Table 2: Comparison of Google Vision API and the Faster-RCNN

  Google Vision API Faster-RCNN
Speed 109ms per image (GPU settings unknown) 35ms per image on a NVIDIA Tesla T4
Accuracy (Figures 11 and 12) Low High
Relative cost High Low
Improvement Cannot retrain or fine-tune unless Google upgrades the API Can improve the model by re-training or fine-tuning
Categories detected The Google Vision API does not provide a full list, but it claims millions of predefined categories Seven categories trained (can add more categories by transfer-training or retraining)

Figure 10 visually compares results from Faster-RCNN against Google Vision API. A detailed comparison of performance quality is given in Figures 11 and 12. The evaluation dataset is detailed in Table 3. As the GoogleVision API does not identify any cyclist and only detected two motorcycles from this dataset, we have not included cyclists or motorcycles in our comparison. We can see that the Faster-RCNN has achieved better mean average precision (mAP) and precision-recall compared with the Google Vision API.

Figure 10: Outputs from Google Vision API and Faster-RCNN

An image showing the difference in results from Faster-RCNN compared to Google Vision API.

Footnote: Top: from Google Vision API, Bottom: from Faster-RCNN. The number is the confidence score associated with detected objects.

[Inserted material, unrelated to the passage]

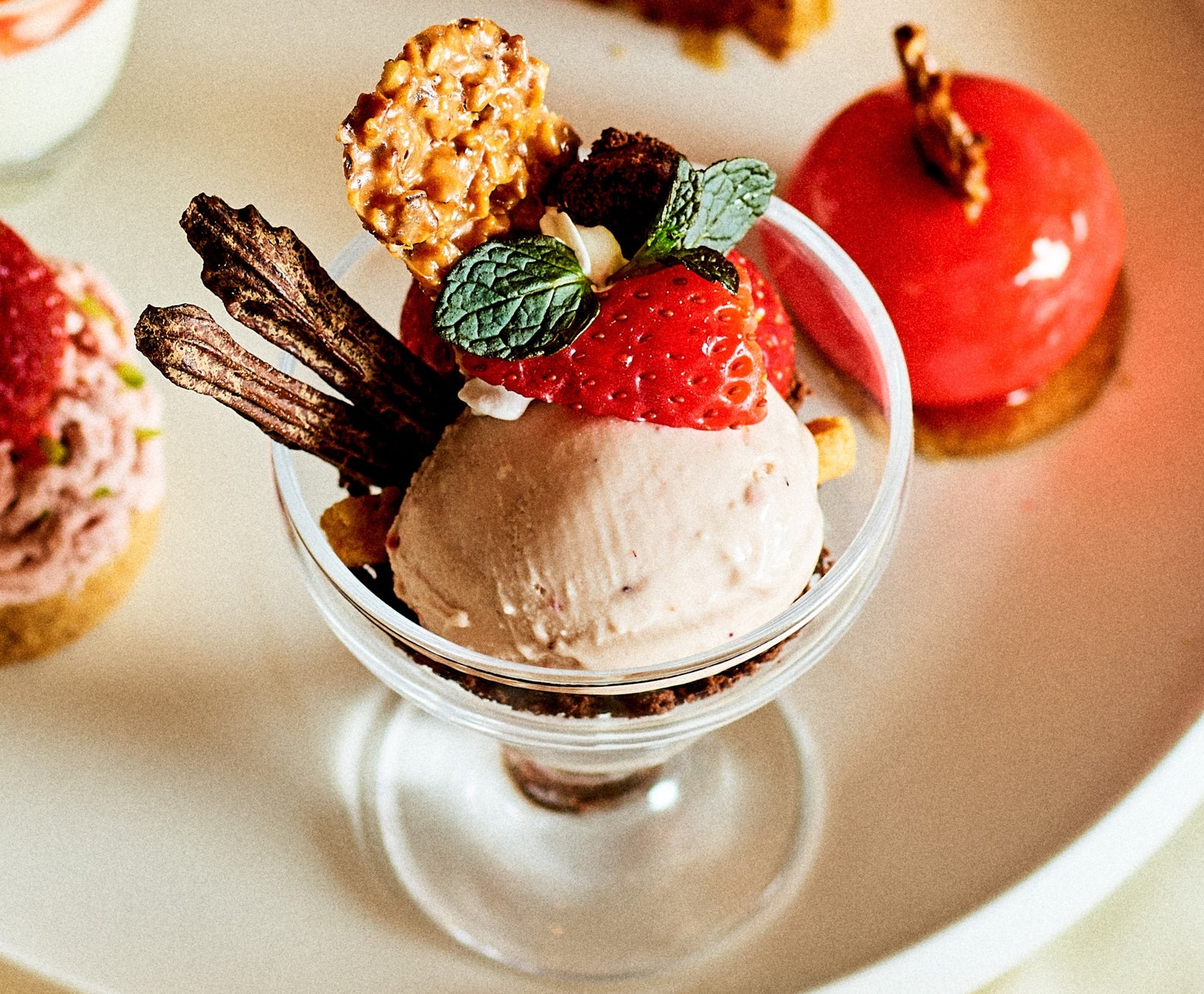 いちごのアイスクリームとフレッシュないちごをトッピングし、ほろ苦い焼きショコラと濃厚なガトーショコラを合わせました。それぞれのチョコレートがいちごの甘酸っぱさと絶妙に溶け合い、一口ごとに異なる味わいと食感をお楽しみいただけます。

Table 3: Evaluation dataset

  Number
Images from JamCam London (daytime) 1,700
Car 8,570
Bus 958
Truck 1,044
Van 1,593
Person 2,879
Cyclist 281
Motorcyclist 219

During evaluation, we noticed that the Google Vision API struggled with small objects, so when we calculated the metrics, we also considered the number of pixels in labelled objects. For example, in Figure 11, 0 means that the testing set includes all sizes of objects, 100 means that the testing set excludes any objects smaller than 100 pixels, and so on. We can see that the Google Vision API achieves faster increase of mean average precision (mAP) the bigger the object size.

Figure 11: Performance comparison (mAP) between the Faster-RCNN and Google Vision API

Figure 12 presents precision-recall curves. The Faster-RCNN showed higher recall against the Google Vision API, and thus higher potential to improve through fine-tuning.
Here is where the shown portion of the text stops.